GNOME Bugzilla – Bug 150394
Sorting with Glib is bad in Norwegian
Last modified: 2004-12-22 21:47:04 UTC
Since Gaim is using Glib's 'g_utf8_*' string manipulation functions, you can use Gaim to reproduce this bug. Open up Gaim's buddy list, rename some contacts to 'Ælvis', 'Øyvind', 'Åge', 'Aage', 'Asbjørn' and 'Cato'. Then go into the preferences and change the buddy list sorting to «alphabetical». The list will be sorted like this: 1. Ælvis 2. Øyvind 3. Åge 4. Asbjørn 5. Cato 6. Aage This is, however, almost as wrong as it can get. The correct order should be: 1. Asbjørn 2. Cato 3. Ælvis 4. Øyvind 5. Aage 6. Åge I'm not sure if this is a bug in Glib or if Gaim uses Glib the wrong way, but the Gaim developers seems to think that this is a bug with Glib: https://sourceforge.net/tracker/? func=detail&atid=350235&aid=1010023&group_id=235 "For alphabetical sorting, we use the g_utf8_casefold() and then g_utf8_collate() method described at the above URL. As they say, it's not perfect, but it's pretty good. File a bug with the Glib folk to try and make it better, or to get them to implement a better case-insensitive sorting function that is locale-aware for utf8 strings."
GLib just uses the system implementation of strcoll(); probably there is a better way of using Win32 collation facilities than what it is doing now, the code is optimized for Unix systems with high-quality C libraries.
I think it should be created some test cases for Windows to see how it should be done, and how it is done at the moment. I've provided a good test case for Norwegian in this bug report. The collation needs improvement, for sure.
See bug #141124. There is a bug in g_utf8_collate_key() and g_utf8_collate(), in the ifdef branches used on Windows (and many other non-Linux platforms, presumably).

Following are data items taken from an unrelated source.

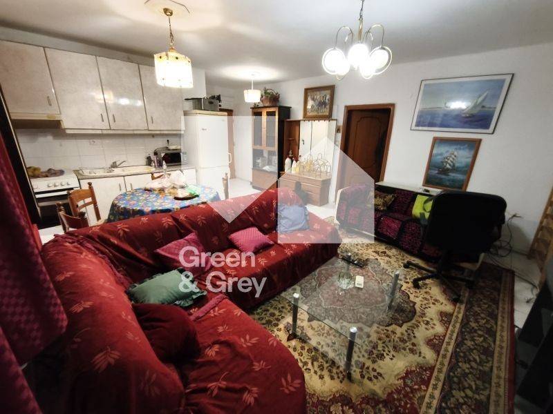 Front semi-basement studio apartment 65sqm, built in 1988. The property consists of a living room, a bedroom with a large wardrobe and a bathroom with a window, which is fully renovated, the floor is tiled. It is available fully furnished with all electrical appliances, with the option of choosing and without furniture. It has two air conditioners, one in the bedroom and one in the living room, two large TVs, a solar water heater and an additional water heater. In addition, it offers an armored security door, an alarm and synthetic frames with double glazing, combining comfort, safety and functionality.
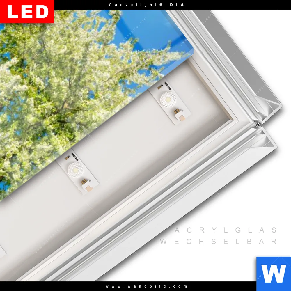 LED-Glasbild mit austauschbarem Acrylglas-Druck (Wechselbild)
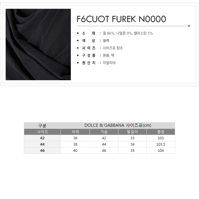 원산지/제조원 이탈리아 / 돌체앤가바나
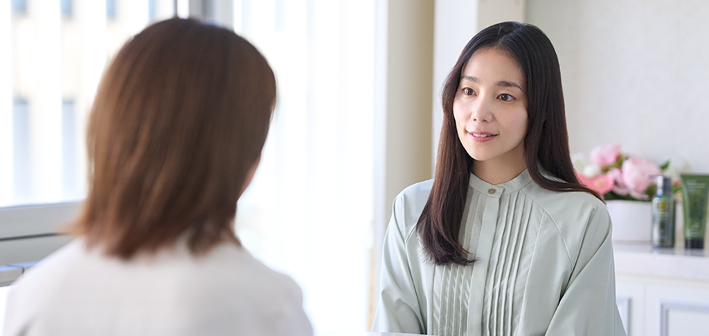 まずはサロンの専門スタッフへ、ウィッグに関するご要望やお悩みをお伝えください。脱毛から発毛、そして髪が伸びてくるまでの間に必要なことを、丁寧にアドバイスいたします。
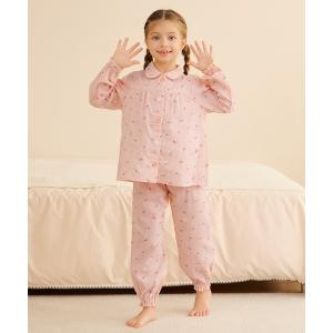パジャマ おなか安心ボタン付き長袖前開きガーリーガーゼパジャマ(いちご) キッズ 子供 女の子
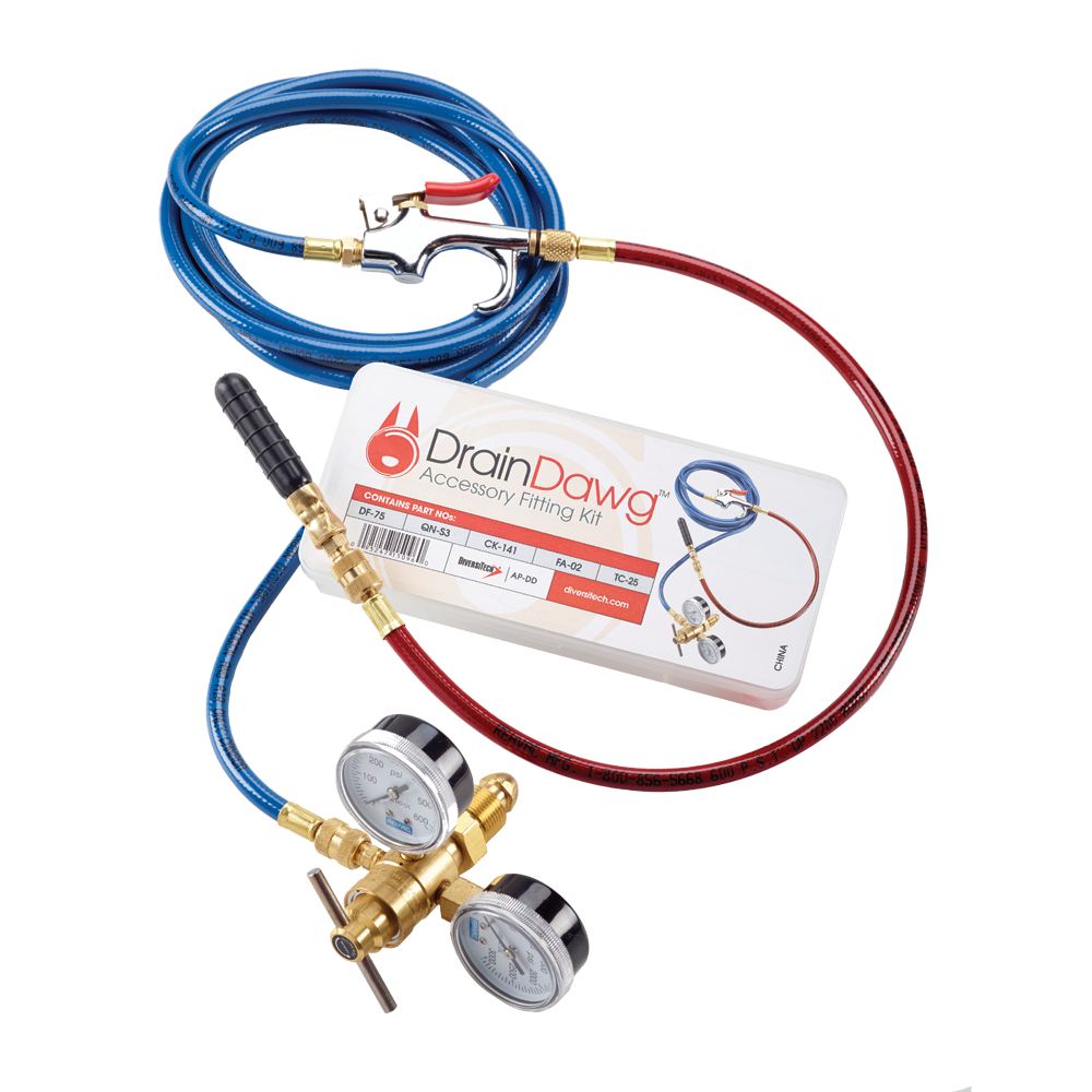 Drain Dawg™ regulator, blow gun, and accessory fitting kit
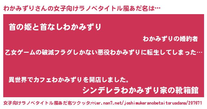 | 胡散臭い通販商品みたいなあだ名 | 『世界中を虜にした100年もののヴィンテージワイン…その名も「わかみずり」』 |
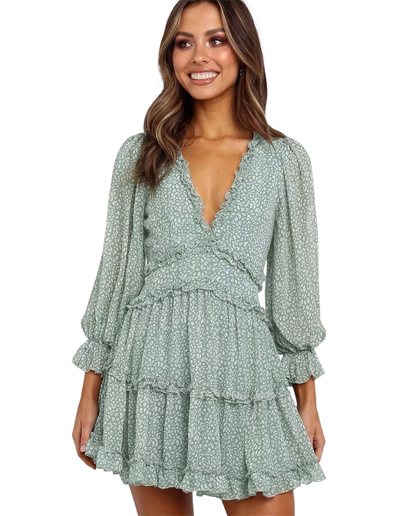 Hermoso vestido en talla S color verde con estampado delicado en tonos claros. Cuenta con escote en V y detalles de volantes que le dan un estilo femenino y elegante. Sus mangas largas con terminación en volantes y su falda en capas crean un look ligero y fluido. Es una prenda cómoda y versátil, ideal para salidas, reuniones, citas o para un look casual chic.

Fixed in CVS: 2004-08-19 Tor Lillqvist <tml@iki.fi> * glib/gunicollate.c (g_utf8_collate, g_utf8_collate_key): Correct source and destination charset parameter order in g_convert() call. (#150394, possibly also #141124) Note that (after this fix) in order for sorting to be according to (for instance) Norwegian rules, you need to set the locale in the Regional Settings appropriately. Setting LANG or LC_* environment variables won't affect the Microsoft C library, which is where the strxfrm() and strcoll() are that GLib ultimately uses. They will affect what UI language GTK and GLib use, but they won't affect the second parameter to the setlocale() call in GTK. (There is room for improvement here. Maybe GTK should convert LANG or LC_* env vars it might find from the "sv_FI" style to the Microsoft-style "Swedish_Finland" if necessary, and pass them to setlocale?)
Great